Simon Porte indulged the Jacquemus A/W 15 Paris show into a surrealist fantasy. Models faces resembling children’s doodle pads, scribbled on by Berlin-based artist Sebastian Bieniek.
The juvenile pictures of double faces, making some of the models literally look two-faced was a playful critic of the infamously bitchy industry. The make up was also an abstract spin on playing dress up with mums make up. Porte using the concept of this child like naivety to explore ‘a time of primitivity and animal instinct when a person isn’t a man or a woman, someone that I dream of’. The clothes resembling a sophisticated collage of block colours and matte fabrics gave this impression of Porte perhaps reaching into different eras of more innocent times, cutting them up and placing them together. Creating these origami like structures which shaped this child like fantasy.

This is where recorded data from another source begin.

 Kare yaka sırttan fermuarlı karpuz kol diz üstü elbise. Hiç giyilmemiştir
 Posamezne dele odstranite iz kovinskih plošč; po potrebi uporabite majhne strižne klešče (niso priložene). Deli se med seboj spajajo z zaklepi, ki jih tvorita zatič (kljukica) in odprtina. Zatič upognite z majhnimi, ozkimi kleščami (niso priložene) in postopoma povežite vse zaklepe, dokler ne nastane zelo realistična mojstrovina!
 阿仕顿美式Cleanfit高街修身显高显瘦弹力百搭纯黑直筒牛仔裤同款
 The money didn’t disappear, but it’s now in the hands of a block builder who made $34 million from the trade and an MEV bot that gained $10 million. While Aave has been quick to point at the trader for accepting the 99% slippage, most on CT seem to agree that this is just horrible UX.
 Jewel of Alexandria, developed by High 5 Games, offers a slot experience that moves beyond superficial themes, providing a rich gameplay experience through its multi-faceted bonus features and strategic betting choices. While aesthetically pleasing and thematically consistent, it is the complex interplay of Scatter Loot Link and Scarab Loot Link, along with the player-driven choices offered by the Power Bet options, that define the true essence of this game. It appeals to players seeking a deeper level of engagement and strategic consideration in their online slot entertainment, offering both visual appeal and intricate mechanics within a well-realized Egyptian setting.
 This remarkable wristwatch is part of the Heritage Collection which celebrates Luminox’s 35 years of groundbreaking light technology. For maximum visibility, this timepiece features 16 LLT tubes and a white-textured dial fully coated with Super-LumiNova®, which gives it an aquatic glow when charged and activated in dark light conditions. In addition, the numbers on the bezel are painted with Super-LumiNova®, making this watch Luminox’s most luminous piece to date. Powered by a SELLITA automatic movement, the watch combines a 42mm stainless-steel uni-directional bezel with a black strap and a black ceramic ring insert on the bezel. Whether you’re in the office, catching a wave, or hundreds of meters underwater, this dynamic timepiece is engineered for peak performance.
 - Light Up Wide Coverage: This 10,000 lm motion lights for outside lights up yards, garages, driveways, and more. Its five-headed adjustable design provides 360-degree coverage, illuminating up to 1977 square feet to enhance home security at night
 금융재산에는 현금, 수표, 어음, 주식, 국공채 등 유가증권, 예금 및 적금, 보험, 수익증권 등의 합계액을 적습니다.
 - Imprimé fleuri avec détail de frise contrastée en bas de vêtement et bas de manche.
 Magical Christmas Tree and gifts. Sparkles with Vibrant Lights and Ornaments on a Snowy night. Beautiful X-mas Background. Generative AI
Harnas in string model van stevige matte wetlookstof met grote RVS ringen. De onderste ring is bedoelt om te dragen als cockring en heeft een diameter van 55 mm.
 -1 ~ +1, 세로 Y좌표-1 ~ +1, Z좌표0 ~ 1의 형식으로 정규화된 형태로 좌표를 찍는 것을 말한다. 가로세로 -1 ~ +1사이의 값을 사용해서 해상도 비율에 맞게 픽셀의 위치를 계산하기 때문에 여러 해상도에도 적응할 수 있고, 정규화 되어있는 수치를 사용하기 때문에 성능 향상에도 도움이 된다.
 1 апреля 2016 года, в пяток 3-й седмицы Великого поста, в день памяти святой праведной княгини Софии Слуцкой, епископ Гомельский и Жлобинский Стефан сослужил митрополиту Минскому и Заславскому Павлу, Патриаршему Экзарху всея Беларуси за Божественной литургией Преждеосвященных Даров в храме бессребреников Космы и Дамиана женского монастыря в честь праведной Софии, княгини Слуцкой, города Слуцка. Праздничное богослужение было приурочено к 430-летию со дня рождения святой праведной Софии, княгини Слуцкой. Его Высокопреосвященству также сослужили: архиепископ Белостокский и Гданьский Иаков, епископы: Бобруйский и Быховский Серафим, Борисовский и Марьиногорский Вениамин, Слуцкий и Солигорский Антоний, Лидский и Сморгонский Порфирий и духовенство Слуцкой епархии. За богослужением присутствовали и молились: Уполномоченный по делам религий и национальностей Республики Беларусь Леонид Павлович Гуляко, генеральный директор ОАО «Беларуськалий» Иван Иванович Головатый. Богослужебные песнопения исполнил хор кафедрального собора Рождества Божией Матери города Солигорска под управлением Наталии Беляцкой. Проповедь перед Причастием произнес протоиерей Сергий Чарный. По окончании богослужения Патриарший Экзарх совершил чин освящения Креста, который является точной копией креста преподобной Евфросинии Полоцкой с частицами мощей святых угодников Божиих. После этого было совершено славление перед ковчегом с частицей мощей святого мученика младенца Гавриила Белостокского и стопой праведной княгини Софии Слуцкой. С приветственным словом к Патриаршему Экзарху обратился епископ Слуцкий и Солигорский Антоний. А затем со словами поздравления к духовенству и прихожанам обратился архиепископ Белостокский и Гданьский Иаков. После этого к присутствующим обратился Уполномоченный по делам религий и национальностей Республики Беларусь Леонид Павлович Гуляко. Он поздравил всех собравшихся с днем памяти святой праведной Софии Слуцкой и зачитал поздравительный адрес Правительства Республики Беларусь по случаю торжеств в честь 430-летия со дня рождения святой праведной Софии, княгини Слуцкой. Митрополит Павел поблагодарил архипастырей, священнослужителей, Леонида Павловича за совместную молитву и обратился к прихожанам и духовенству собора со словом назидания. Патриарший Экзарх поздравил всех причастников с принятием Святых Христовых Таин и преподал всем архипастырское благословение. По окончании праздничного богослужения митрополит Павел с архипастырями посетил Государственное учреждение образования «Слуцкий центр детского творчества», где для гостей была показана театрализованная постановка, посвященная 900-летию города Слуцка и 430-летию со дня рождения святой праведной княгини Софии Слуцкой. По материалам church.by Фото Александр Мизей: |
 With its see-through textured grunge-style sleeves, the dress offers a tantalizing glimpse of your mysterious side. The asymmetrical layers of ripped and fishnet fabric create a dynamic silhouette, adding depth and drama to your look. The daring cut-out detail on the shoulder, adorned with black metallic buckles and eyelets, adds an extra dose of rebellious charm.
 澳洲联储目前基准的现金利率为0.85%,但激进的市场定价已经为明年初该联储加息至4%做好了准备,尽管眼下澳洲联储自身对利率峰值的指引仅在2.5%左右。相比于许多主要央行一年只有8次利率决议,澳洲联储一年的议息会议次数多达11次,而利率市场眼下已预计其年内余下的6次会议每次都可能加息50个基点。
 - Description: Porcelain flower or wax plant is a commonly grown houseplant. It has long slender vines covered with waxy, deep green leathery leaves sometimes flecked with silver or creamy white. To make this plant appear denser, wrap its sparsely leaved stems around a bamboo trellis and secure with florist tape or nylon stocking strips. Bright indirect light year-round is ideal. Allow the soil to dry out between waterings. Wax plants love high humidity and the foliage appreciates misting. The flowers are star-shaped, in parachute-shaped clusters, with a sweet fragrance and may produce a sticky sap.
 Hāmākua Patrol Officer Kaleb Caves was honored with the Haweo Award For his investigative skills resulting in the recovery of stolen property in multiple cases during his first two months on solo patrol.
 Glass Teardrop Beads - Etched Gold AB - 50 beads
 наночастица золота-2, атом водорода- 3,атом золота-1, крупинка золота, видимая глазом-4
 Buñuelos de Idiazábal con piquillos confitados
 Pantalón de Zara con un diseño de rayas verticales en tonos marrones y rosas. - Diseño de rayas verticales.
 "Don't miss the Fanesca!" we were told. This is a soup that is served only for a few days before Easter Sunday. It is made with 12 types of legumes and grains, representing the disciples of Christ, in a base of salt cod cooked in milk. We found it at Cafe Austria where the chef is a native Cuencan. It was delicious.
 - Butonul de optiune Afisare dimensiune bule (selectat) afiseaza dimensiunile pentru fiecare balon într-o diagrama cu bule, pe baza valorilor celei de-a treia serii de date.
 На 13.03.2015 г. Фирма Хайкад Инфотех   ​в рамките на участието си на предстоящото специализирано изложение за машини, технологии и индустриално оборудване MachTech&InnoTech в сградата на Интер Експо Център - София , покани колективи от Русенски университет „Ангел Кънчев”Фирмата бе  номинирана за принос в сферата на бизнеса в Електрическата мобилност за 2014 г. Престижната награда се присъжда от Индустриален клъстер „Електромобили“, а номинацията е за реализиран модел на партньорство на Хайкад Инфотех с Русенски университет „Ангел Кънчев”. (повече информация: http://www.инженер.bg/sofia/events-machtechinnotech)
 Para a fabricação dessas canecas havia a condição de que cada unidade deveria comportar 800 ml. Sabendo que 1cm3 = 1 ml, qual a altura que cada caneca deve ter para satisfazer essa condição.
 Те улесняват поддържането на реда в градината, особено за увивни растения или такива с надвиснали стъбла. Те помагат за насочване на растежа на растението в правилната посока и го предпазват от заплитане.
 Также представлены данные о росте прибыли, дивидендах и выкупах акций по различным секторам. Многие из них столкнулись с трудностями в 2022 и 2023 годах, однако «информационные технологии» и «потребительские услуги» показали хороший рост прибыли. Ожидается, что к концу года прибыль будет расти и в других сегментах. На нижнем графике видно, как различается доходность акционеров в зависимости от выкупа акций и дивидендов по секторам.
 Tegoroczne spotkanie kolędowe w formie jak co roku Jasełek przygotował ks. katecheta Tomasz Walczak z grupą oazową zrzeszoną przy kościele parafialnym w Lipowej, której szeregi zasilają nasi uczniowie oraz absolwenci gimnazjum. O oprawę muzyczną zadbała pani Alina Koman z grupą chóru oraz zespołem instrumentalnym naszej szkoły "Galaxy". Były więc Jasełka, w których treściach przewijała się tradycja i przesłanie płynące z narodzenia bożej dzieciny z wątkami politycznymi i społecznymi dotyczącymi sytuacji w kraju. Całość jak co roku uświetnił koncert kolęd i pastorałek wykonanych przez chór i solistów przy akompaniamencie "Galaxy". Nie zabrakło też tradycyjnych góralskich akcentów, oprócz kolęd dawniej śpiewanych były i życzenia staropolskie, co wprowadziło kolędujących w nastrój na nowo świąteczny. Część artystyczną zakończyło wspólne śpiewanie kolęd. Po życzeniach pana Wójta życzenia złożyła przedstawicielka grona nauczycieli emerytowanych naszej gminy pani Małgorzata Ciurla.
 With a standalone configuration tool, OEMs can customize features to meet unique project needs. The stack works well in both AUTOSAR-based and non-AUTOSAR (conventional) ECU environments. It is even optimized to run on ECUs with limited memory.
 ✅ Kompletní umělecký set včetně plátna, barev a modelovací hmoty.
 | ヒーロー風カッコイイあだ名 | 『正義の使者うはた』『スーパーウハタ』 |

The cuts and fits of the garments however exerting a mature quality. Using this more innocent demure as a block of which to stage also his support for the free the nipple movement. Many of the models appeared bare chested – of course the exposed breast isn’t anything new to fashion catwalks. Yet Porte through his adolescent dress up appeared to be mocking societies prudishness towards the little pinkies. The models masked in childish cardboard pictures juxtaposing with the sexualised connotations of their bare chest. A black cardboard hand coltishly lingering above one models breast, made me think about how ridiculous the whole foray around women’s breast are in western society. The hyper sexualisation of such a natural asset is ridiculous. Through our evolution as a capitalist society we have lost that innocence of childish play and need to re glue the collage of life into something more fun and free.